* Your goal *
What follows is a set of entries. Repeat them exactly, but not their pictures.
START Data extract
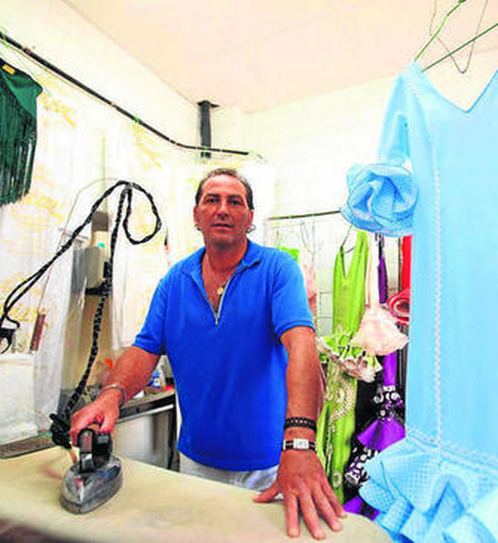 José María Gutiérrez no recuerda el día en el que empezó a trabajar entre volantes y túnicas. Era bien pequeño cuando comenzó a interesarse en el negocio familiar y decidió entonces ayudar a su padre en la labor del planchado, los tintes y la limpieza de ropa. La tintorería Pina, reconocida como la más antigua de España y de origen galo, es un negocio familiar que lleva más de 75 años en la calle Medina, número 8. Su padre la heredó y desde hace años, José María es el único responsable. Aprendió este oficio desde bien pequeño y siempre recuerda los veranos como la época en la que tienen que buscar todo tipo de trucos para evitar las altas temperaturas. "El mejor remedio es tener agua fría cerca y comenzar la jornada desde bien temprano, para así acabar cuando sean las horas más duras", explica. Pero a pesar de estos hábitos, todos los años, por estas fechas se dan olas de calor que hace que sea la peor temporada para trabajar.
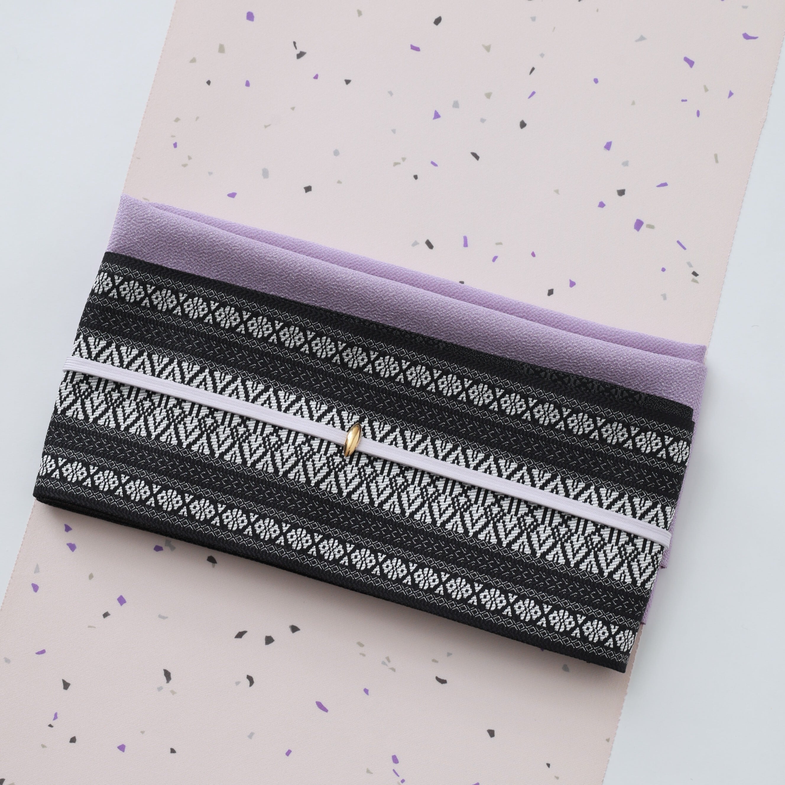 一般的な博多織の小袋帯といえば、ツルっとした風合いのモノが大半ですが、この織柄は「光の当たり具合で帯全体の色に変化が出る」という特徴があり、帯全体にしっかりと幾何学柄を配して、重厚感を持たせました。
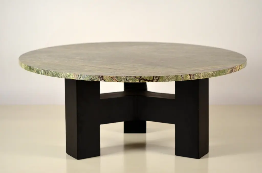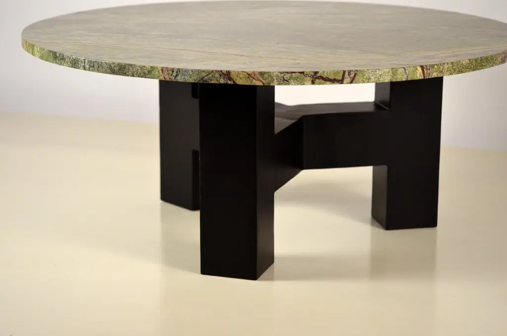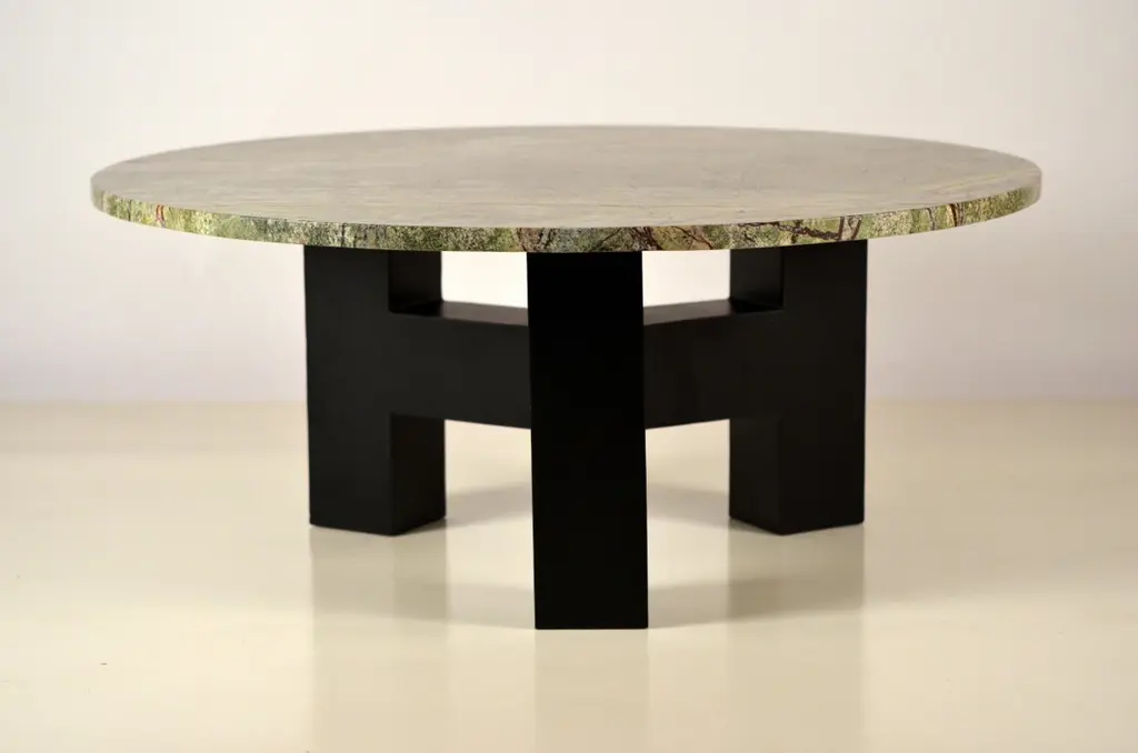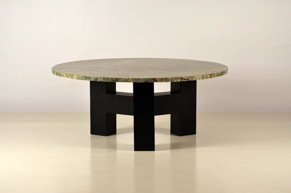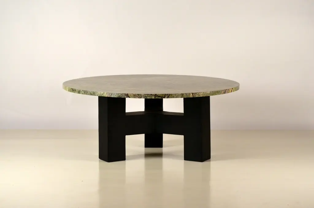 Round 'Upsilon' marble and blackened steel coffee table by Design Frères.Polished round rain forest green veined marble over a heavy matte black tripod steel base.Great focal point for any room.
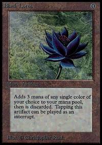 | Loto Nero Edizione: Alpha Rarita': R Colore: ARTEFATTO Costo di lancio: 0 Tipo: Artefatto Forza / Costituzione: n/a Testo: {TAP}, Sacrifica il Loto Nero: Aggiungi tre mana di un qualsiasi singolo colore alla tua riserva di mana. [Oracle 2001/08/24]
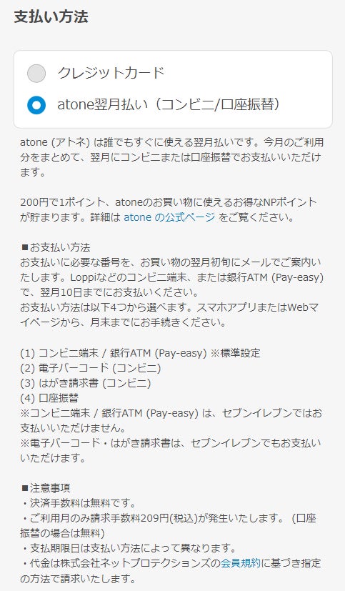 ポケットマルシェ上の注文画面にて、支払い方法を選択する際に、「atone 翌月払い」を選択後、atone上から注文を確定することで、後払いの決済が完了します。詳細は下記ページをご確認ください。
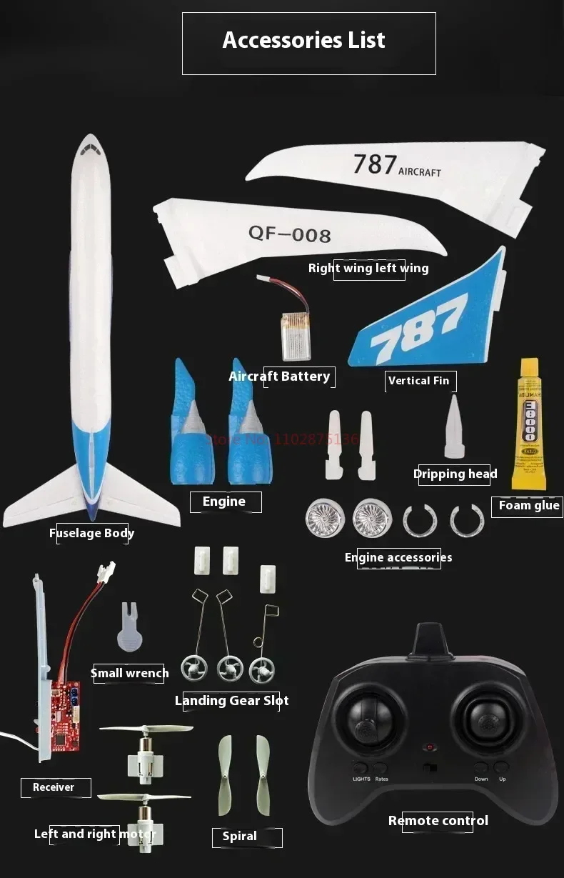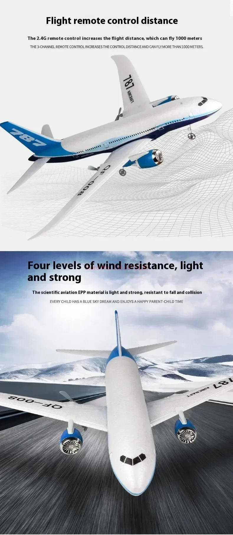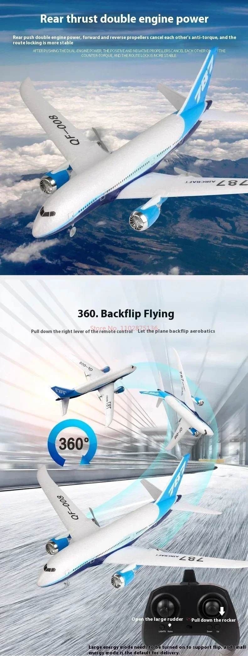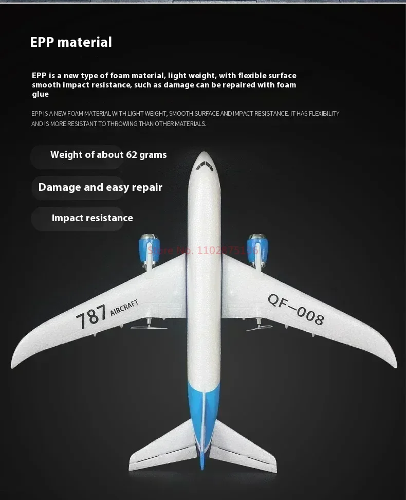 RC Boeing 787 Glider Qf008 2.4G Electric Remote Control Plane Three-Channel Fixed Wing Aircraft Passenger Jet Model Toy Kid Gift
END Data extract
* Reply to the task *
 José María Gutiérrez no recuerda el día en el que empezó a trabajar entre volantes y túnicas. Era bien pequeño cuando comenzó a interesarse en el negocio familiar y decidió entonces ayudar a su padre en la labor del planchado, los tintes y la limpieza de ropa. La tintorería Pina, reconocida como la más antigua de España y de origen galo, es un negocio familiar que lleva más de 75 años en la calle Medina, número 8. Su padre la heredó y desde hace años, José María es el único responsable. Aprendió este oficio desde bien pequeño y siempre recuerda los veranos como la época en la que tienen que buscar todo tipo de trucos para evitar las altas temperaturas. "El mejor remedio es tener agua fría cerca y comenzar la jornada desde bien temprano, para así acabar cuando sean las horas más duras", explica. Pero a pesar de estos hábitos, todos los años, por estas fechas se dan olas de calor que hace que sea la peor temporada para trabajar.
 一般的な博多織の小袋帯といえば、ツルっとした風合いのモノが大半ですが、この織柄は「光の当たり具合で帯全体の色に変化が出る」という特徴があり、帯全体にしっかりと幾何学柄を配して、重厚感を持たせました。
 Round 'Upsilon' marble and blackened steel coffee table by Design Frères.Polished round rain forest green veined marble over a heavy matte black tripod steel base.Great focal point for any room.
 | Loto Nero Edizione: Alpha Rarita': R Colore: ARTEFATTO Costo di lancio: 0 Tipo: Artefatto Forza / Costituzione: n/a Testo: {TAP}, Sacrifica il Loto Nero: Aggiungi tre mana di un qualsiasi singolo colore alla tua riserva di mana. [Oracle 2001/08/24]
 ポケットマルシェ上の注文画面にて、支払い方法を選択する際に、「atone 翌月払い」を選択後、atone上から注文を確定することで、後払いの決済が完了します。詳細は下記ページをご確認ください。
 RC Boeing 787 Glider Qf008 2.4G Electric Remote Control Plane Three-Channel Fixed Wing Aircraft Passenger Jet Model Toy Kid Gift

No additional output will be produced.